Under Sarah’s leadership at WRC, the organization experienced significant growth and expanded its ability to ensure refugees’ right to sexual and reproductive health care, to safety from gender-based violence, and to economic and social empowerment.
Sarah has more than 25 years’ experience in the fields of women’s rights, reproductive health, gender, and youth development, as well as global philanthropy. Throughout her career, she has worked in partnership with those closest to the issues, from government officials to local women’s organizations.
Before joining WRC in 2010, Sarah served as regional director of the Global Fund for Women, a grant-making organization that supports women’s rights organizations working on economic security, health, education, and leadership. Previously, she was a program officer for the Ford Foundation in Brazil and New York, developing and managing international and national programs on gender, sexuality, reproductive health, women’s rights, HIV/AIDS, and health policy.

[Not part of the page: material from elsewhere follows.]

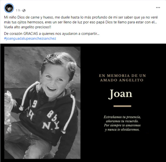 México, Avanzada (24/06/2023).- En un trágico desenlace, el cadáver de Joan Guadalupe Sánchez Sánchez, un niño de cuatro años de edad que estuvo desaparecido durante un mes, fue descubierto el día de hoy. La noticia fue confirmada por su madre a través de sus redes sociales.

During her tenure as professor of women’s health at the National School of Public Health, Brazil, Sarah was active in the national women’s movement, serving as a member of the Advisory Committee to the National Council on Women’s Rights. She also served on the boards of several women’s organizations. She is a member of World Learning’s Global Advisory Council.
Sarah holds a master’s degree in medical demography from London University and a PhD in social medicine from Oxford University.